→ WORK TO COMPLETE
Your answer must be a word-for-word copy of the listing, with all pictures excluded.

→ RECORDS TO USE
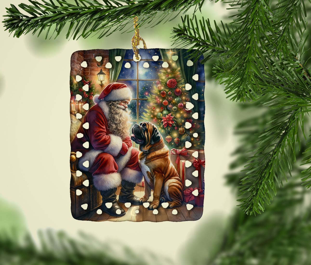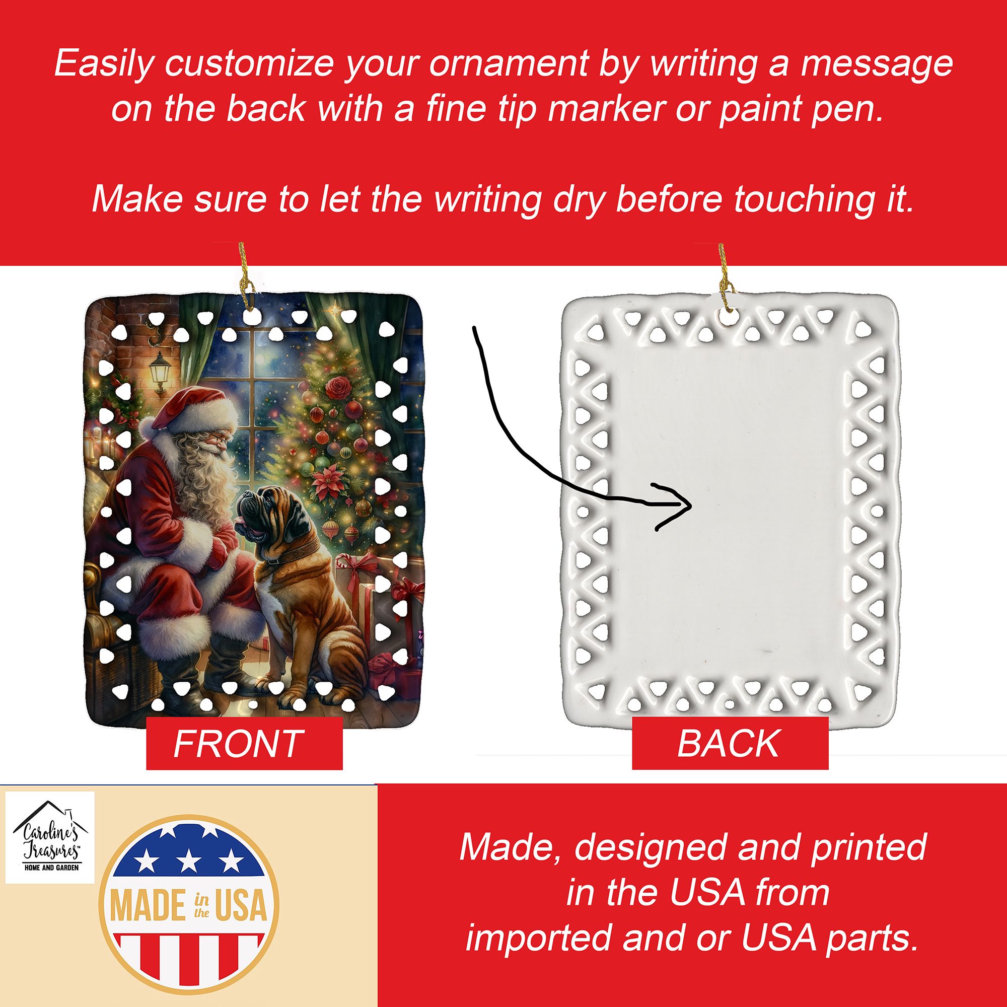 Porcelain Ornament featuring breed specific Bullmastiff artwork. Celebrate Christmas with this Christmas Ornament. Add a unique, personal touch to your holiday decor with our Rectangular Lattice Porcelain Ornament. Perfect for creating cherished memories, this high-quality ornament shines under festive lights, reflecting warmth and joy throughout your Christmas tree. Crafted with a glossy finish, it showcases vibrant, full-color artwork contributed by our talented artists, ensuring your tree is adorned with a burst of color and holiday spirit. What sets this Porcelain Ornament apart is its customizable white back. Use a paint pen or permanent marker to write a heartfelt message, commemorate a special year, or mark an unforgettable date, turning this ornament into a keepsake that will be treasured for years to come. For best results, allow any personalization to dry thoroughly before handling. Each ornament comes complete with a delicate gold cord, making it easy to hang and display. Proudly made in the USA, this ornament measures 3.375 x 2.625 inches and is a thoughtful gift for pet sitters, teachers, family members, or anyone who would appreciate a little extra holiday magic. Bring style, charm, and a touch of personal meaning to your Christmas tree with this beautifully designed ornament..
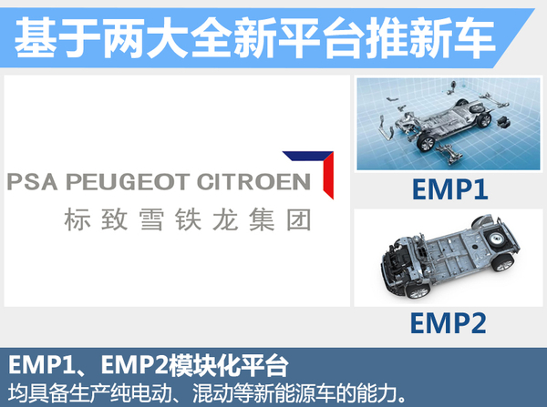 标致雪铁龙集团旗下EMP1平台,是一个以固定前轴以及发动机布局和位置为基础的模块化平台。在此基础上,动力系统、悬架、车辆的前后段等模块通过标准化的组件和一致性的模块接口,在更大的范围内实现了零部件的共享,有效地控制研发和生产的成本。同时,集团旗下的EMP2模块化平台在车型级别、车身尺寸、车身配置、动力总成等方面,都可以根据不同的需求进行调整,生产车型的轴距最长可达到2,900毫米。另外,根据官方公布的消息,除了采用传统内燃机动力系统的车型,EMP1与EMP2两大模块化平台均具备生产纯电动、混动等新能源车的能力。
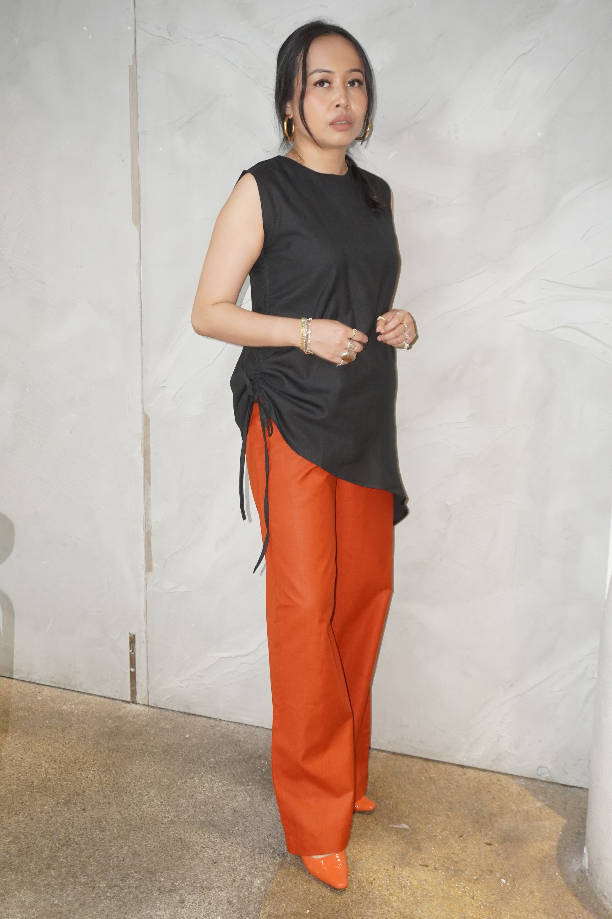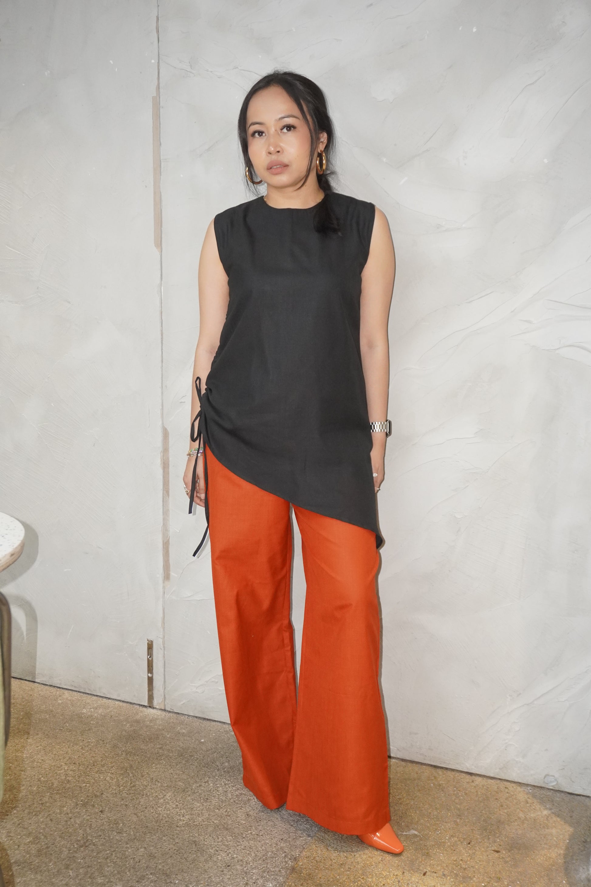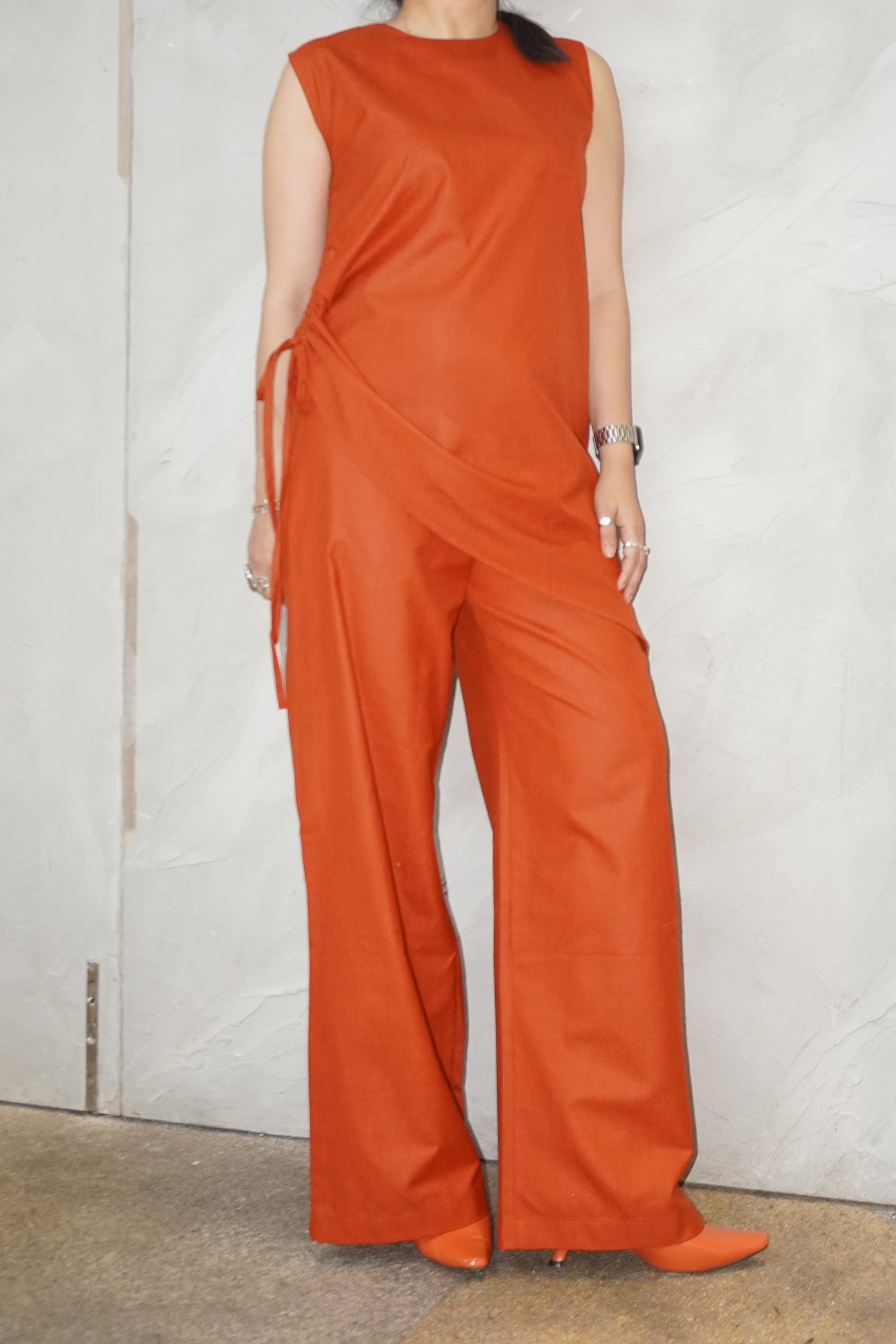 Diperbuat daripada linen ringan yang sejuk dipakai, set ini menampilkan atasan dengan tali serut di sisi yang boleh dilaras mengikut gaya. Dipadankan dengan seluar linen senada.
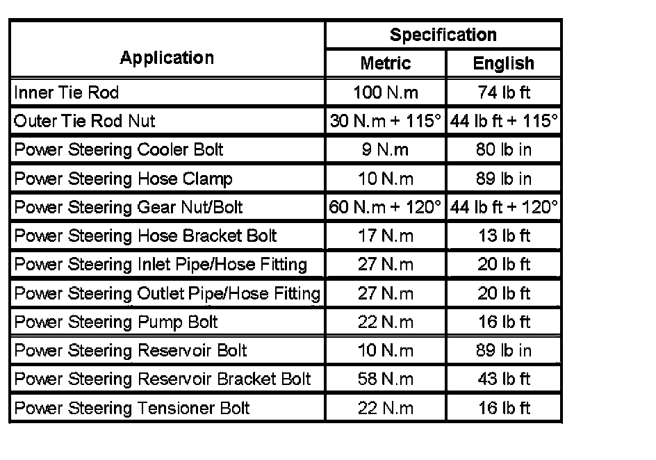 Fastener Tightening Specifications:
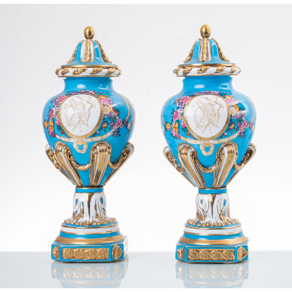 Coppia di potiche in porcellana Sevres decorata e dipinta con decori raffiguranti "Paesaggi con scene galanti".

→ WRITTEN SOLUTION
 Porcelain Ornament featuring breed specific Bullmastiff artwork. Celebrate Christmas with this Christmas Ornament. Add a unique, personal touch to your holiday decor with our Rectangular Lattice Porcelain Ornament. Perfect for creating cherished memories, this high-quality ornament shines under festive lights, reflecting warmth and joy throughout your Christmas tree. Crafted with a glossy finish, it showcases vibrant, full-color artwork contributed by our talented artists, ensuring your tree is adorned with a burst of color and holiday spirit. What sets this Porcelain Ornament apart is its customizable white back. Use a paint pen or permanent marker to write a heartfelt message, commemorate a special year, or mark an unforgettable date, turning this ornament into a keepsake that will be treasured for years to come. For best results, allow any personalization to dry thoroughly before handling. Each ornament comes complete with a delicate gold cord, making it easy to hang and display. Proudly made in the USA, this ornament measures 3.375 x 2.625 inches and is a thoughtful gift for pet sitters, teachers, family members, or anyone who would appreciate a little extra holiday magic. Bring style, charm, and a touch of personal meaning to your Christmas tree with this beautifully designed ornament..
 标致雪铁龙集团旗下EMP1平台,是一个以固定前轴以及发动机布局和位置为基础的模块化平台。在此基础上,动力系统、悬架、车辆的前后段等模块通过标准化的组件和一致性的模块接口,在更大的范围内实现了零部件的共享,有效地控制研发和生产的成本。同时,集团旗下的EMP2模块化平台在车型级别、车身尺寸、车身配置、动力总成等方面,都可以根据不同的需求进行调整,生产车型的轴距最长可达到2,900毫米。另外,根据官方公布的消息,除了采用传统内燃机动力系统的车型,EMP1与EMP2两大模块化平台均具备生产纯电动、混动等新能源车的能力。
 Diperbuat daripada linen ringan yang sejuk dipakai, set ini menampilkan atasan dengan tali serut di sisi yang boleh dilaras mengikut gaya. Dipadankan dengan seluar linen senada.
 Fastener Tightening Specifications:
 Coppia di potiche in porcellana Sevres decorata e dipinta con decori raffiguranti "Paesaggi con scene galanti".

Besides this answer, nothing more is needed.